After his elbow injury in 1963, Mr. Dalkowski disappeared for years. He became a migrant farmworker in California — and a down-and-out alcoholic.
After failed rehab attempts, Mr. Dalkowski’s sister brought him back to [Connecticut] in 1994. He spent the rest of his life in an assisted-living facility, within blocks of the high school baseball field where he first found glory….
Unquote.
If it was a movie, they’d find an upbeat ending. They’d probably use this:
He rose from a wheelchair last year in Los Angeles to throw out a ceremonial first pitch at Dodger Stadium.
We’ve Been Hoping for a Tipping Point
Yet a tipping point, the last straw, will probably never arrive. A number of citizens of this formerly great country will spray disinfectant on their corn flakes before pouring the milk, but President Lysol will stumble and bumble on for nine more months. Nevertheless, it’s encouraging to see the word “resign” appear in a reputable publication, not the feverish musings of a humble blogger.
From Jack Holmes of Esquire:
Of course there are people who will defend him no matter what, but it’s hard not to think that the watching Elite Political Media’s refusal to say what is right in front of them has also aided and abetted the madness. Could he have made it this far without people who are so scared of being accused of Bias or not being Objective that they can’t bring themselves to call a loon a loon? The latest example comes via The New York Times…They did not feel they could just say this is dangerous, not to mention fucking crazy. … if a guy walked into the lobby of the New York Times building yelling at people to drink bleach, he would be removed from the premises in short order. But when the president does it, we’ve got to check in with the experts to know what an 11-year-old knows….
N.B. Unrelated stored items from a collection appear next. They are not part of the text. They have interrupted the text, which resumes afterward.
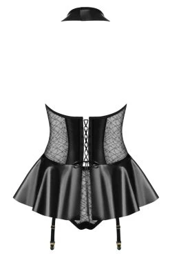 La fantaisie qui s’associe à une matière wetlook piquante fait la guêpière 859-COR une lingerie originale à posséder. Laisser son style parcourir votre corps de haut en bas pour donner à votre silhouette une allure sensuelle. Tout partira du tour de cou, les épaules dénudées et une ouverture au centre de la poitrine créant un décolleté goutte d’eau. La fermeture éclair est placée juste en dessous.
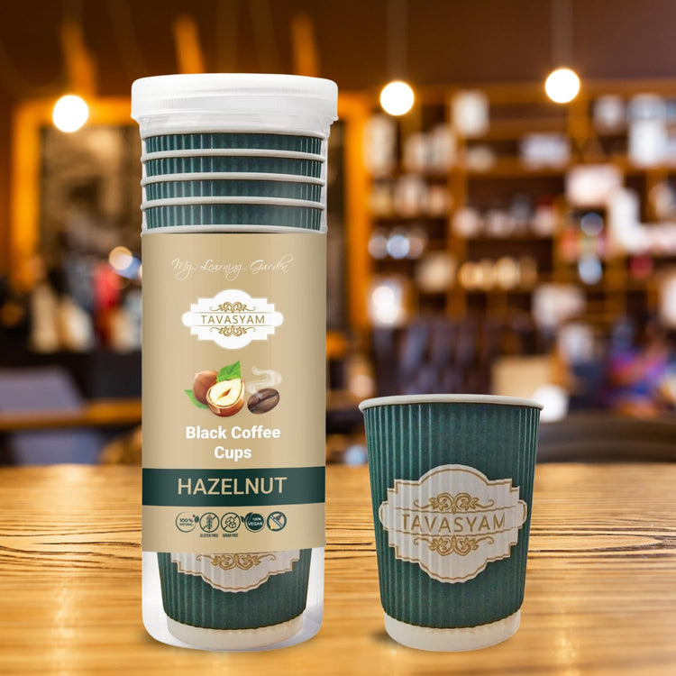 TAVASYAM Black Coffee Hazelnut Instant Coffee Powder | Hazelnut Flavored Coffee | Gluten Free & Sugar Free | No Additives | No-Drip Infusion Layer | Pre-Filled Coffee Cups 200ml | Pack of 12 Cups
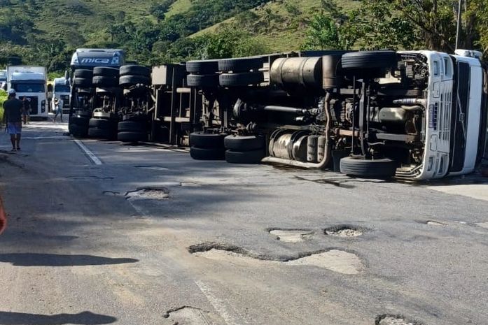 De acordo com informações da Polícia Rodoviária Federal (PRF, o motorista perdeu o controle da direção e a carreta, que transportava garrafas pets e garrafas de vidro, acabou tombado. O condutor sofreu escoriações leves.
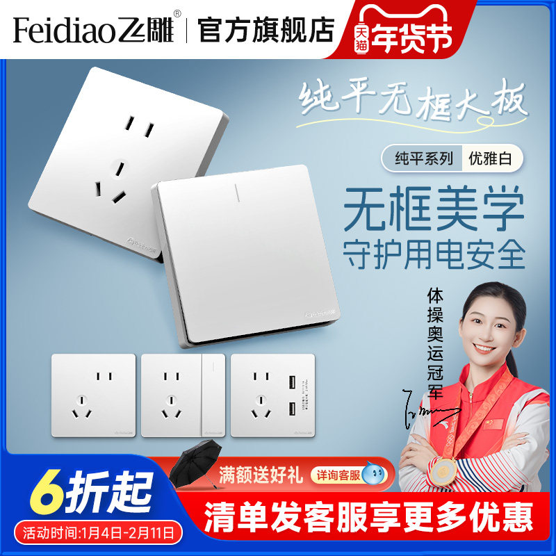 飞雕官方旗舰店开关插座面板多孔家用86型开关一开五孔插座纯平白

In fairness, [the] Times story was delivered with some trademark low-key Times humor. But we need to get a little more direct here. Something really has to give. At what point are you misleading your readers by not pointing out that what just happened was fucking crazy, and they’re not crazy to think so? There is a need among some, particularly in Washington, to believe the president is not completely batty. The prospect that he has no idea what he’s doing, and in fact may not be all there, is psychologically difficult for some to grapple with. It’s also scary for some folks to think about just saying what’s in front of them and feeling the backlash from his supporters. So evening-news programs and newspapers spend a lot of time cleaning up what the president says, pruning the overgrown hedges into something vaguely coherent in their reports.
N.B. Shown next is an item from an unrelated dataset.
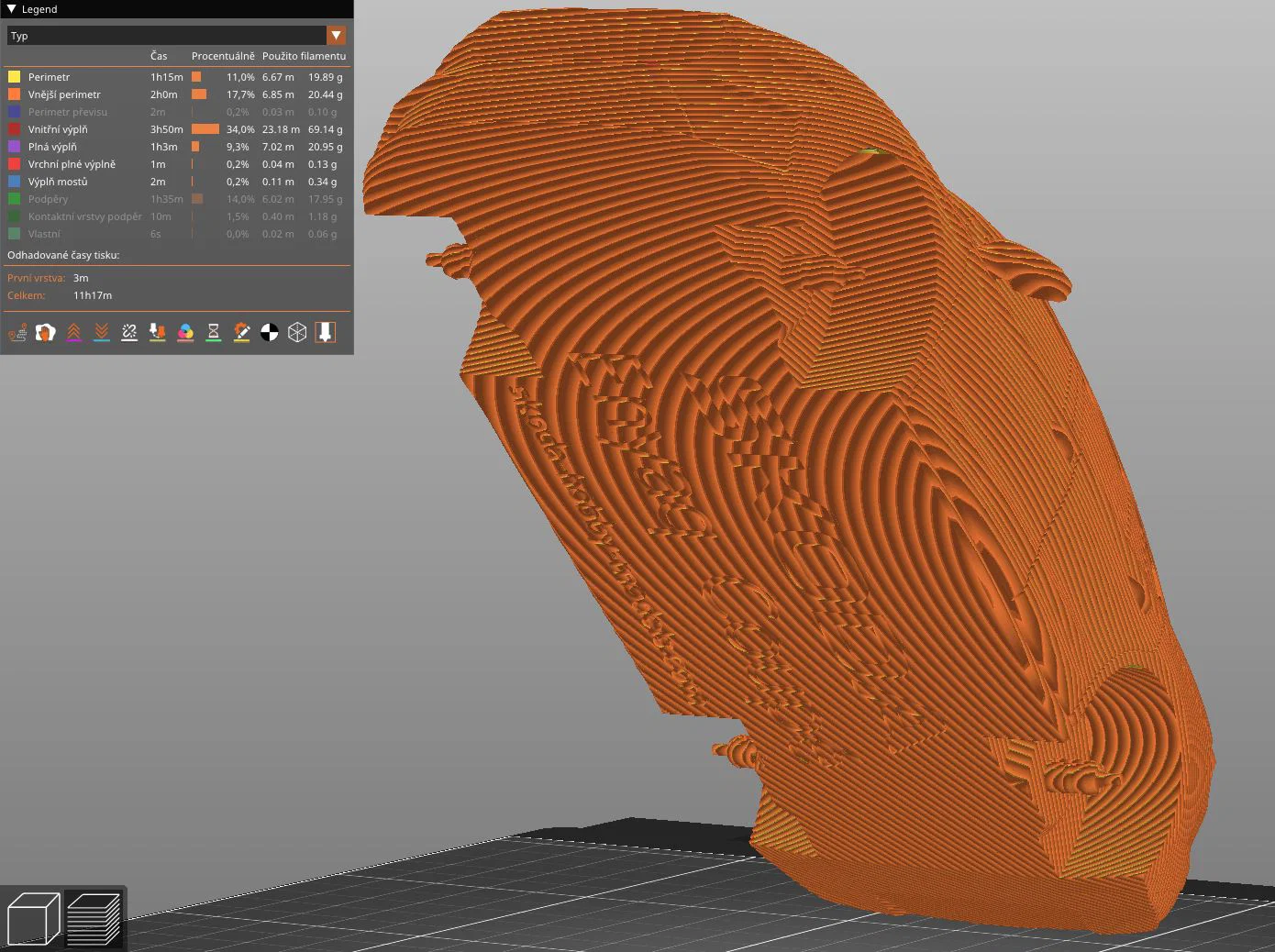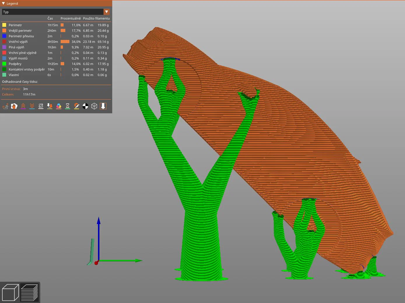 Mẫu đã được căn sẵn hướng để in với organic supports, nhằm giảm độ lộ của các lớp (layer). Xem file 3MF đi kèm nếu bạn muốn tự slice mẫu, thay vì dùng các file G-code đã được upload.

…. When are we going to demand more than a circus from the people in whom we now have so much of our futures invested, willingly or not? We should be calling for this guy to resign on a daily basis. He should be impeached again for gross incompetence. Mike Pence looks like fucking FDR by comparison. Most of the president’s supporters will never hold him to any standard that he might not meet. In fact, they will continually lower the bar to accommodate him, because they have already invested too much of themselves in this to go back. The sunk cost is too high. It’s up to everyone else to plainly say that he should not have this job any longer. We hired him, on a temporary basis, to manage the Executive Branch of our government. He should be fired.
Unquote.
Note: A spokesman for the governor of Maryland says that after receiving more than 100 calls, the state issued a reminder that “under no circumstances should any disinfectant product be administered into the body through the injection, ingestion or any other route”.
And just think, the 100 people who made those calls are some of the smarter ones.